The legal profession's response has been more substantive than in some other professions, in part because the consequences of error in legal filings are immediate and visible — opposing counsel and courts check citations. Other professions — medicine, finance, journalism, engineering — face similar risks from professional reliance on AI-generated information, but with verification challenges that are more complex and consequences that may take longer to surface.

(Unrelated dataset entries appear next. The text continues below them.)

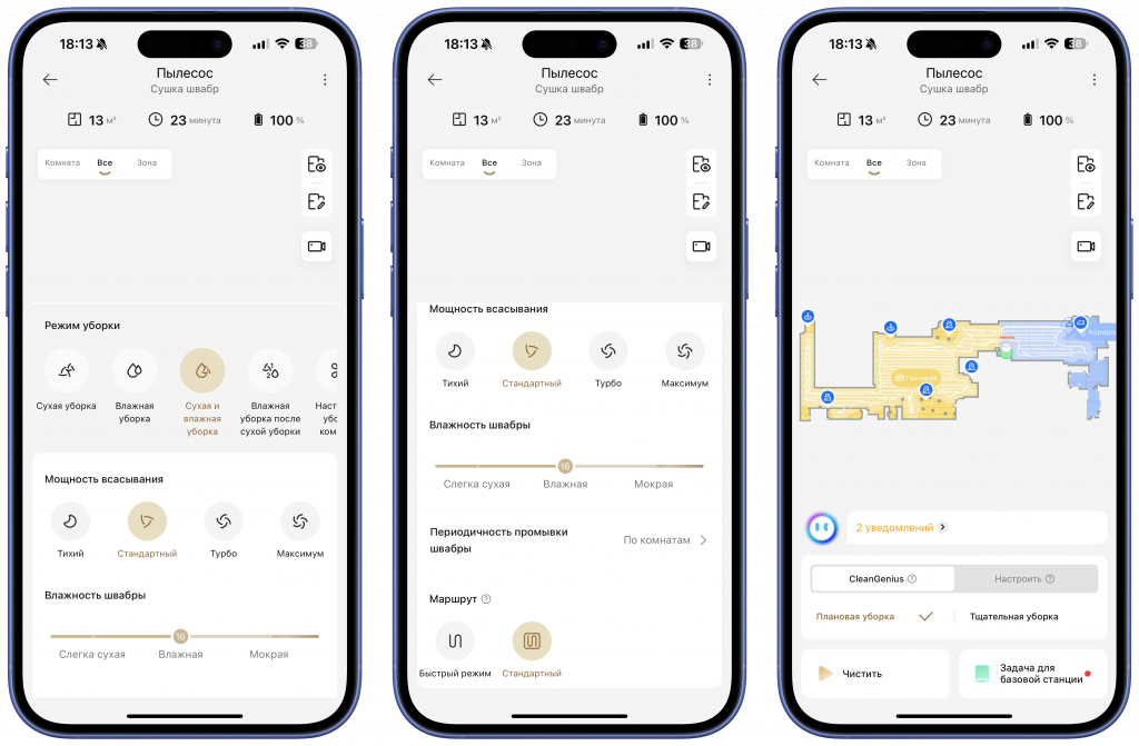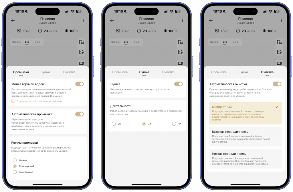 Приложение позволяет настраивать уборку. Доступны следующие варианты:
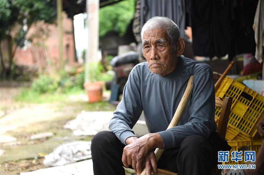 全州縣鳳凰嘴渡口旁,蔣濟(jì)勇老人向再走長征路的記者們講述自己11歲經(jīng)歷的湘江戰(zhàn)役(6月29日攝)。新華社記者 周華 攝
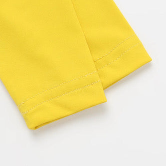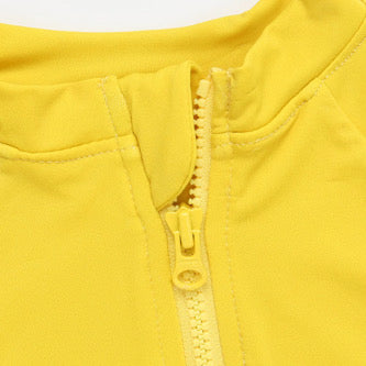 This boys’ set includes a bright yellow long-sleeve rashie paired with tropical print shorts featuring handy pockets — perfect for seashell treasures or beachside snacks.

The deeper lesson of the Schwartz case is not about legal ethics specifically. It is about the general risk of deploying AI tools in professional contexts without developing the competence, habits, and institutional frameworks necessary to use them responsibly. The technology will continue to improve; hallucination rates may decline; retrieval-augmented approaches may improve accuracy. But as long as AI systems can produce confident-sounding incorrect outputs, and as long as professional contexts create pressure to trust authoritative-seeming information, the risks illustrated by Schwartz will remain.

Discussion Questions

Schwartz was an experienced attorney with more than thirty years of practice. Does his experience make his error more or less understandable? What does this suggest about the audience for AI literacy training in professional contexts?
The court found that Schwartz had "confirmed" the cases' existence based on ChatGPT's self-confirmation. Should this be treated as a mitigation or an aggravation of the professional responsibility violation? Why?
What specific governance procedures should law firms implement to prevent recurrence of this type of error? Who should be responsible for enforcing compliance with those procedures?
If a client had suffered measurable harm — for instance, if the case had been dismissed because of the fabricated citations — what liability exposure might Schwartz, LoDuca, and their firm face? What legal theories might apply?
How should law school curricula address AI literacy? What should new attorneys know about generative AI before they enter practice?
The court's $5,000 sanction has been described as modest relative to the severity of the conduct. Do you agree? What factors should courts consider when sanctioning AI-related professional misconduct?